---- INFORMATION SUPPLIED
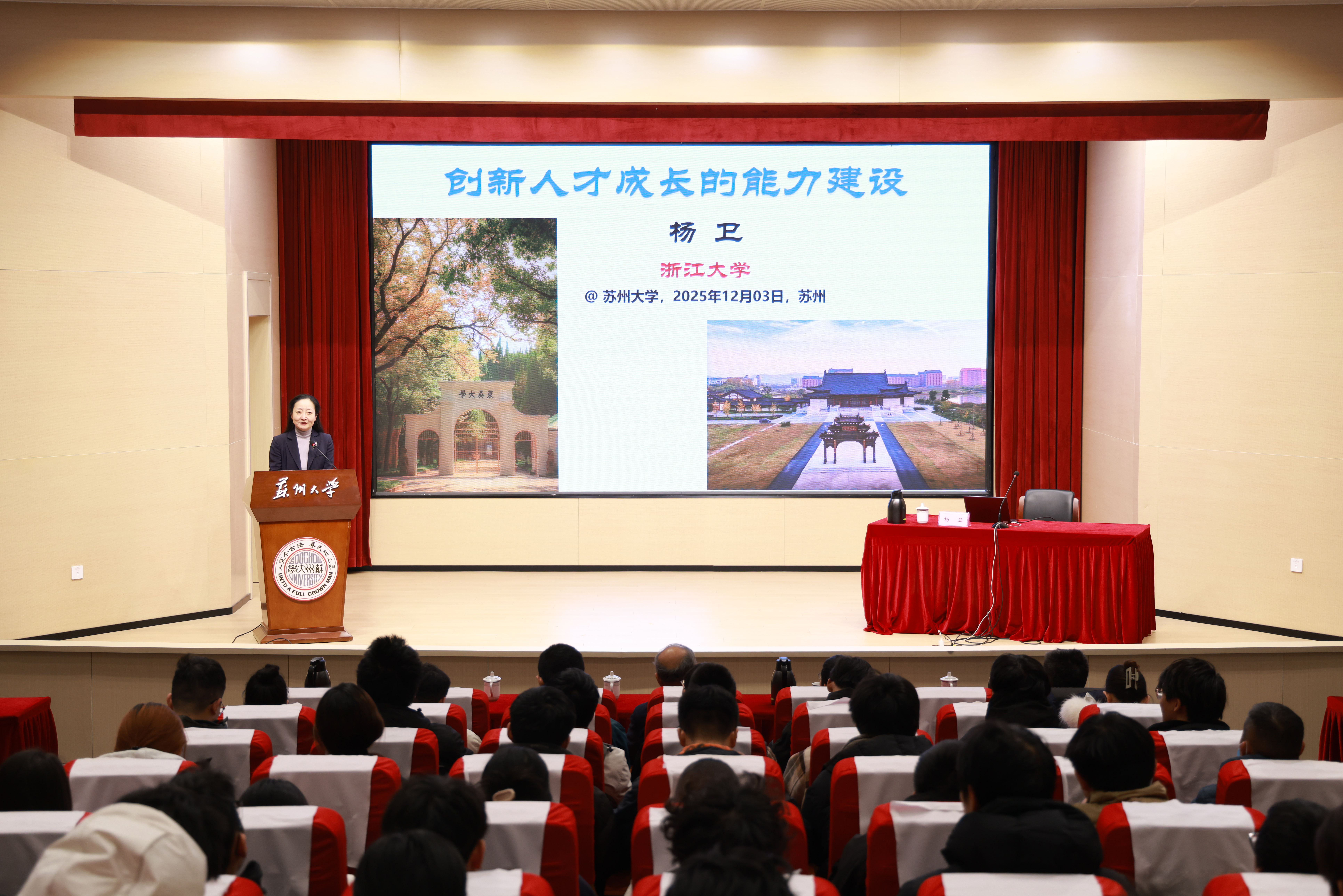 12月3日下午,第20期“东吴大师讲坛”在我校举行。中国科学院院士、国家自然科学基金委员会原主任、浙江大学教授杨卫应邀带来题为《创新人才成长的生态与能力建设》的报告,我校200余名师生聆听讲座。讲座由副校长吴嘉炜主持。
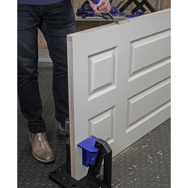 The strong grip holds materials up to a width of 55mm (2 ¼in) making it ideal for working on FD30 and FD60 fire doors. Simply push the grip out of its holder and securely lock onto the side of the object, this can be done with a hand or foot depending on the application it’s used for.
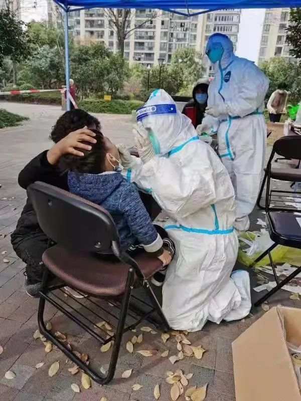 12月8日,张娅珍在支援东新园时蹲着给孩子进行核酸检测采样,路过的保安看到这一幕深受感动,随手拍下了一张照片。
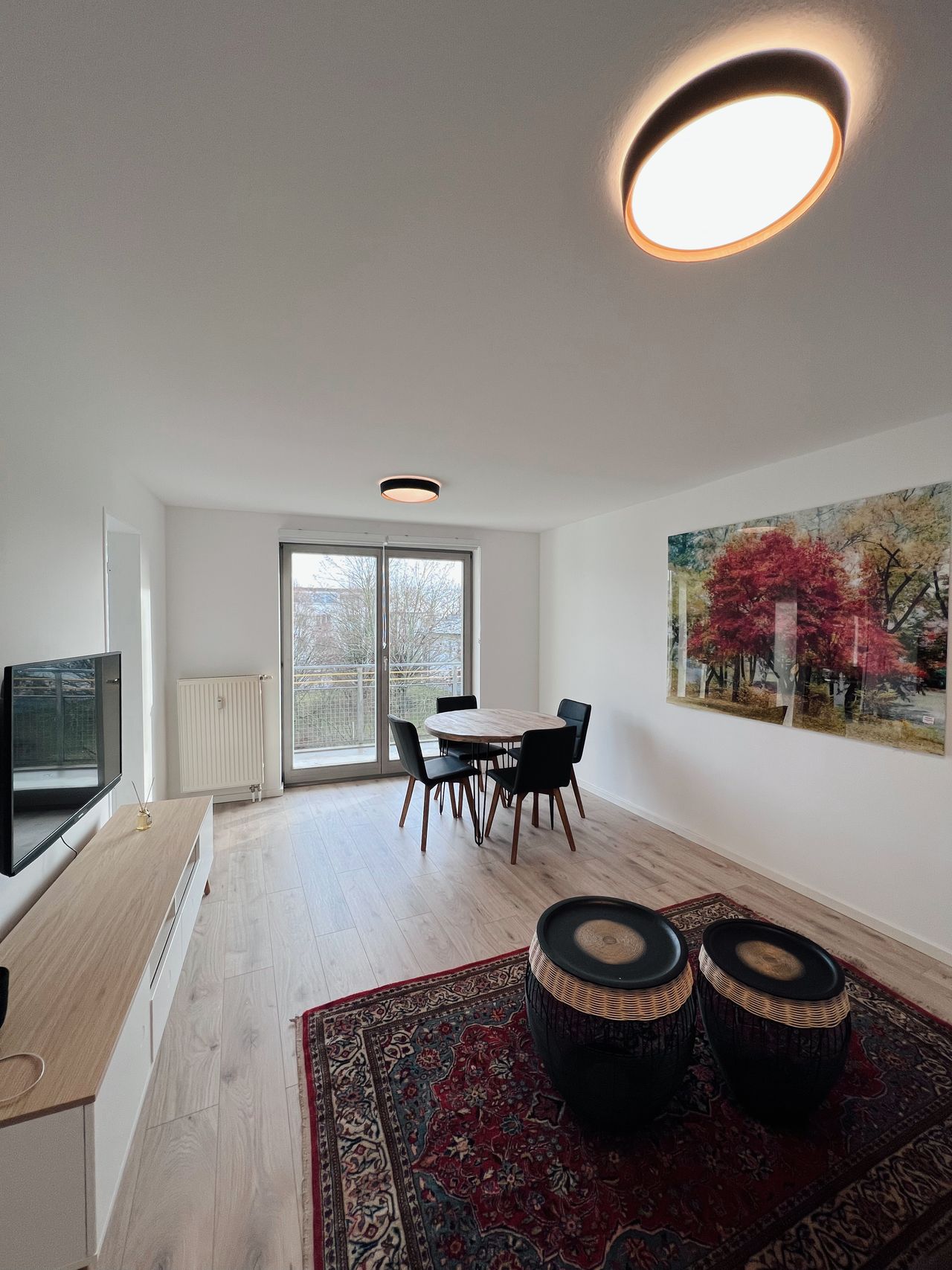We are offering a serene apartment for rent in Schönefeld, located near Berlin. The flat has undergone a complete renovation and is furnished with new furniture. A modern kitchen with all necessary cooking utensils and a new fridge are provided. Additional amenities include an ironing board and a washing machine is located in the laundry room of the apartment building. Fresh duvets, bed linen, and towels are available for up to four occupants. The cozy bedroom features a comfortable double bed, ...
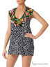 Новая модель! Эффектный пляжный сарафан свободного кроя с глубоким декольте, оформленным большим воланом. Грациозные линии силуэта обозначены эластичной резинкой по линии бёдер. Туника выполнена в технике детального расположения принта из деликатной микрофибры в сложносочинённом рисунке по мотивам 'Неаполитанского барокко' и цветного горошка 'Монпансье'.
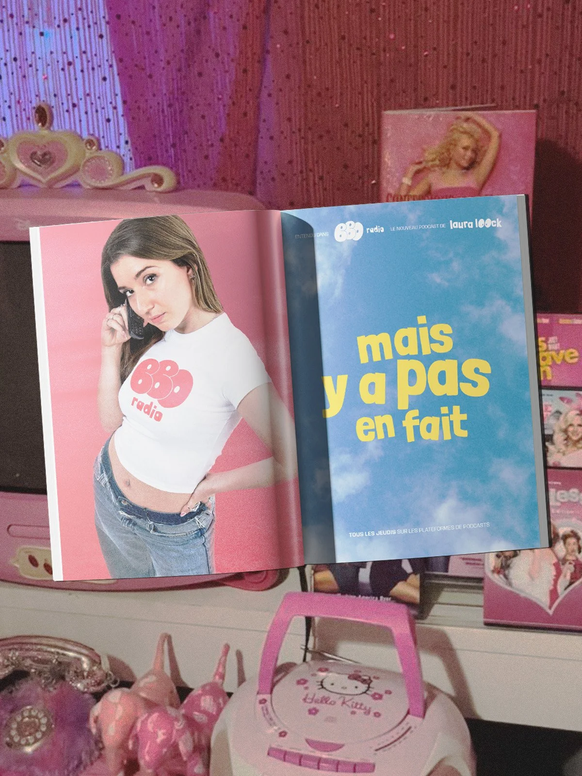 Après l'avoir photographiée quelques mois auparavant, Laura a fait appel à alur studio pour créer la direction artistique de son podcast. Son souhait : une esthétique décalée, girly, et à son image. Pour cela, elle souhaitait s'inspirer de certaines références des années 2000, notamment pour les photos et les poses. Pour contraster ce look "années 2000", nous avons proposé un branding fun, coloré et décalé.
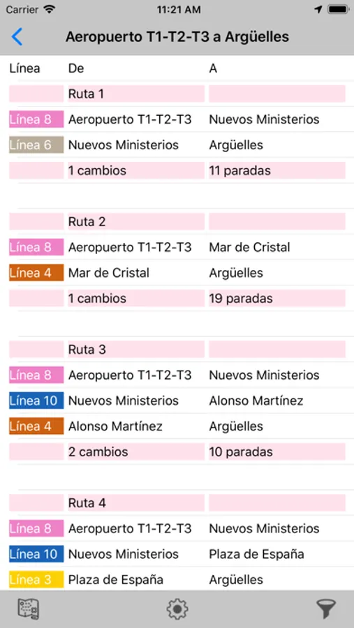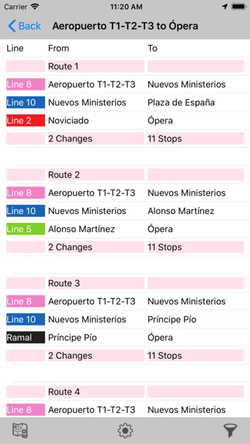 The search provides you with a list of alternative routes which can be used to travel from the source to destination station. It provides you with the number of line changes and station stops involved in each route.
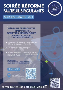 Mardi 20 janvier 2026 à 20h, la CPTS Aunis Nord organise une soirée sur la réforme fauteuils roulants :
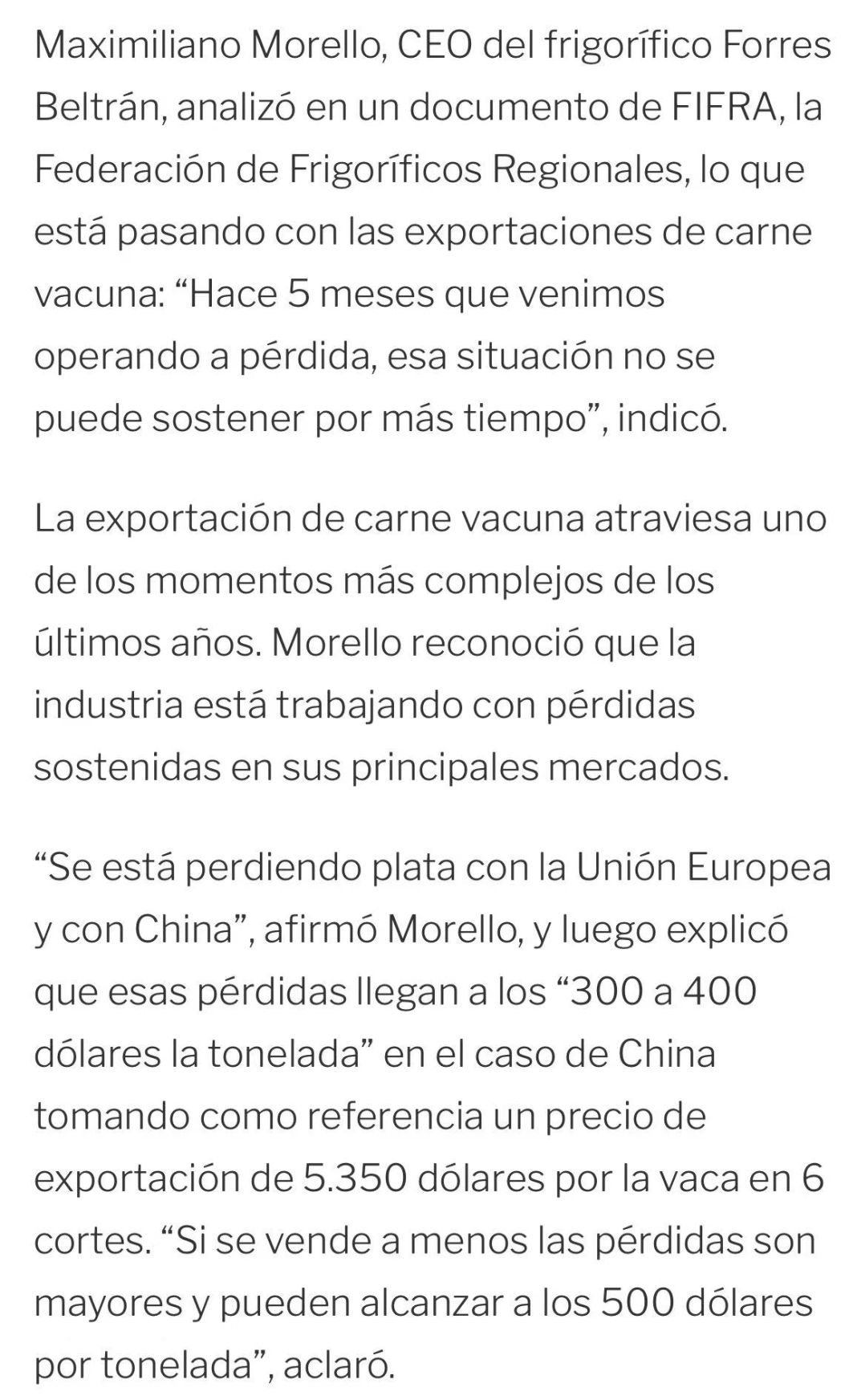 区域肉类加工商联合会(FIFRA)的报告揭示了当前严峻形势。阿根廷重要出口企业Forres Beltrán(即4720厂)的首席执行官马克西米利亚诺·莫雷洛指出,行业已连续五个月在亏损中运营,局面“危急且仍在恶化”。
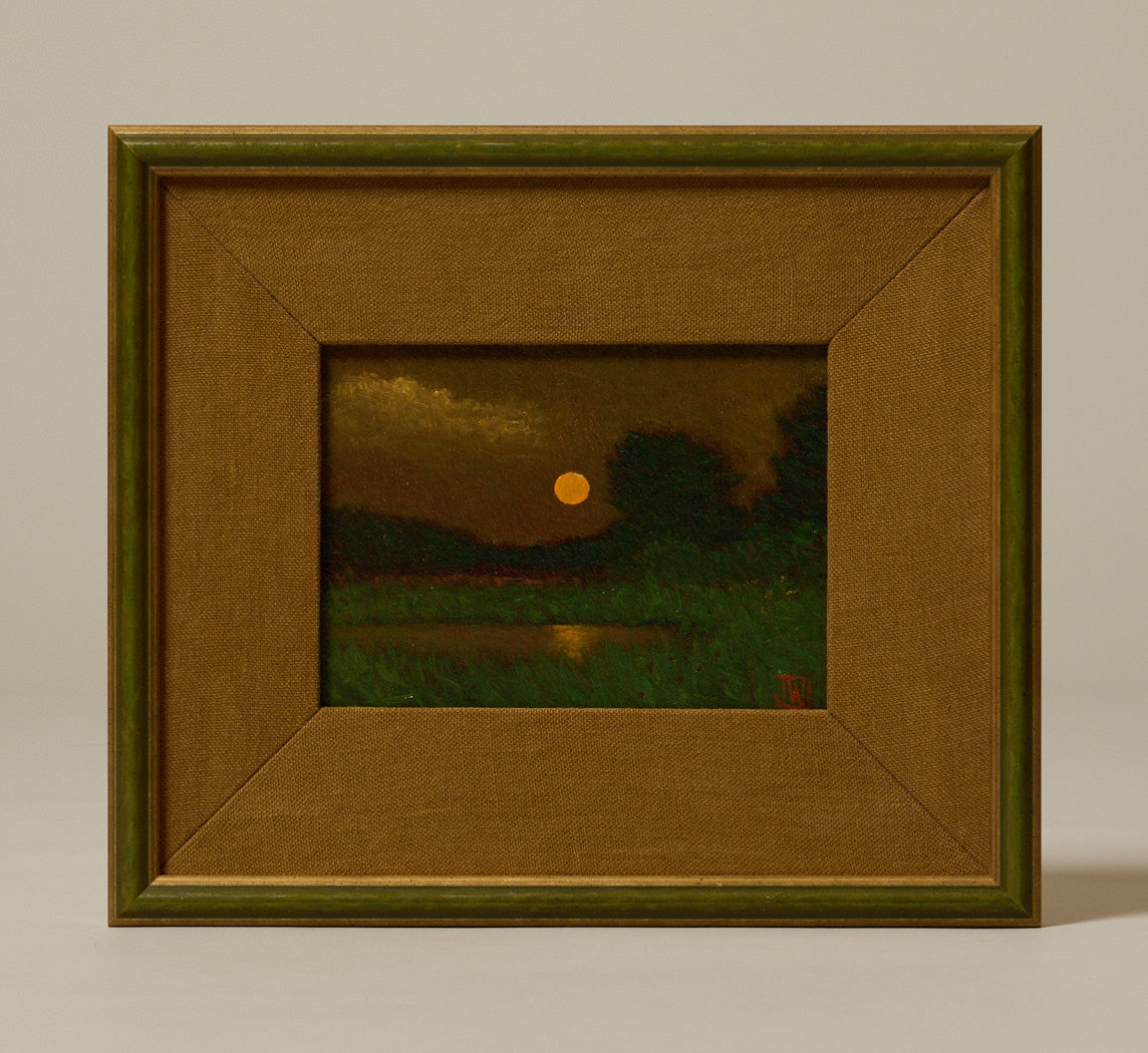 Petite oil on panel landscape titled Marsh Sunset by Maine artist Joe Wojdakowski, depicting a quiet marsh scene at sunset in soft atmospheric tones. Signed lower right and presented in a gold and green frame with seaweed linen mat.
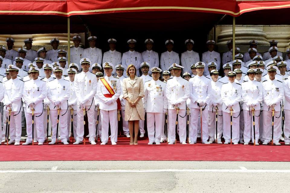 Los nuevos sargentos de la Armada finalizan hoy un periodo académico de tres cursos de duración. 144 de ellos pertenecen al Cuerpo General de la Armada, y 20 al Cuerpo de Infantería de Marina. Sus respectivos “números 1” (los dos alumnos que han obtenido las mejores calificaciones) han recibido como reconocimiento a ello la Cruz al Mérito Naval.
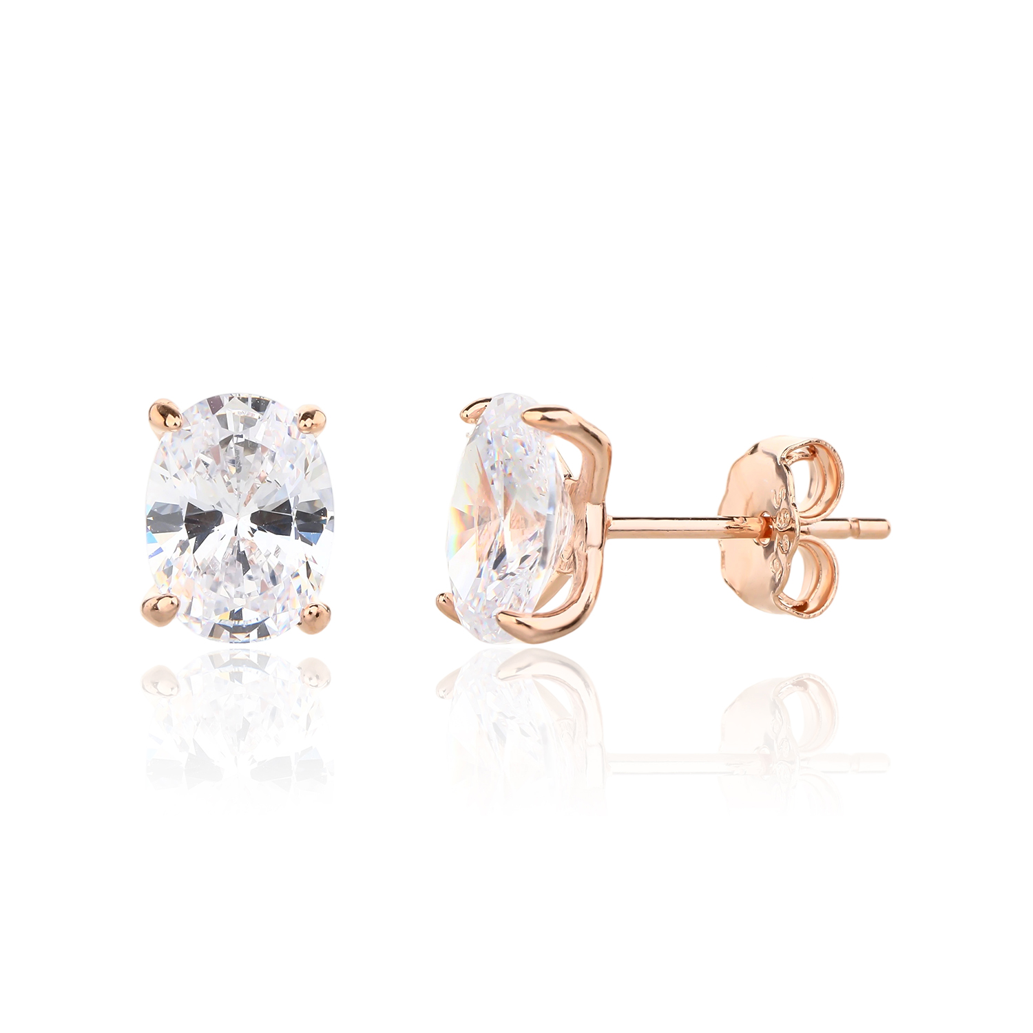 עשוי כסף אמיתי 925 בציפוי זהב אדום (רוז גולד) משובץ באבני זרקון העגילים מגיעים כזוג.
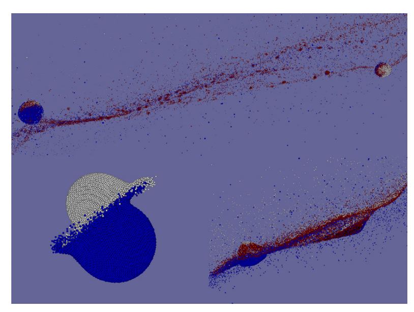 图:原行星大小的天体之间肇事逃逸碰撞的快照。
--------
> WHAT THE TASK REQUIRES: An exact repeat of all the data is required, pictures excluded.

> EXERCISE OUTPUT:
 12月3日下午,第20期“东吴大师讲坛”在我校举行。中国科学院院士、国家自然科学基金委员会原主任、浙江大学教授杨卫应邀带来题为《创新人才成长的生态与能力建设》的报告,我校200余名师生聆听讲座。讲座由副校长吴嘉炜主持。
 The strong grip holds materials up to a width of 55mm (2 ¼in) making it ideal for working on FD30 and FD60 fire doors. Simply push the grip out of its holder and securely lock onto the side of the object, this can be done with a hand or foot depending on the application it’s used for.
 12月8日,张娅珍在支援东新园时蹲着给孩子进行核酸检测采样,路过的保安看到这一幕深受感动,随手拍下了一张照片。
We are offering a serene apartment for rent in Schönefeld, located near Berlin. The flat has undergone a complete renovation and is furnished with new furniture. A modern kitchen with all necessary cooking utensils and a new fridge are provided. Additional amenities include an ironing board and a washing machine is located in the laundry room of the apartment building. Fresh duvets, bed linen, and towels are available for up to four occupants. The cozy bedroom features a comfortable double bed, ...
 Новая модель! Эффектный пляжный сарафан свободного кроя с глубоким декольте, оформленным большим воланом. Грациозные линии силуэта обозначены эластичной резинкой по линии бёдер. Туника выполнена в технике детального расположения принта из деликатной микрофибры в сложносочинённом рисунке по мотивам 'Неаполитанского барокко' и цветного горошка 'Монпансье'.
 Après l'avoir photographiée quelques mois auparavant, Laura a fait appel à alur studio pour créer la direction artistique de son podcast. Son souhait : une esthétique décalée, girly, et à son image. Pour cela, elle souhaitait s'inspirer de certaines références des années 2000, notamment pour les photos et les poses. Pour contraster ce look "années 2000", nous avons proposé un branding fun, coloré et décalé.
 The search provides you with a list of alternative routes which can be used to travel from the source to destination station. It provides you with the number of line changes and station stops involved in each route.
 Mardi 20 janvier 2026 à 20h, la CPTS Aunis Nord organise une soirée sur la réforme fauteuils roulants :
 区域肉类加工商联合会(FIFRA)的报告揭示了当前严峻形势。阿根廷重要出口企业Forres Beltrán(即4720厂)的首席执行官马克西米利亚诺·莫雷洛指出,行业已连续五个月在亏损中运营,局面“危急且仍在恶化”。
 Petite oil on panel landscape titled Marsh Sunset by Maine artist Joe Wojdakowski, depicting a quiet marsh scene at sunset in soft atmospheric tones. Signed lower right and presented in a gold and green frame with seaweed linen mat.
 Los nuevos sargentos de la Armada finalizan hoy un periodo académico de tres cursos de duración. 144 de ellos pertenecen al Cuerpo General de la Armada, y 20 al Cuerpo de Infantería de Marina. Sus respectivos “números 1” (los dos alumnos que han obtenido las mejores calificaciones) han recibido como reconocimiento a ello la Cruz al Mérito Naval.
 עשוי כסף אמיתי 925 בציפוי זהב אדום (רוז גולד) משובץ באבני זרקון העגילים מגיעים כזוג.
 图:原行星大小的天体之间肇事逃逸碰撞的快照。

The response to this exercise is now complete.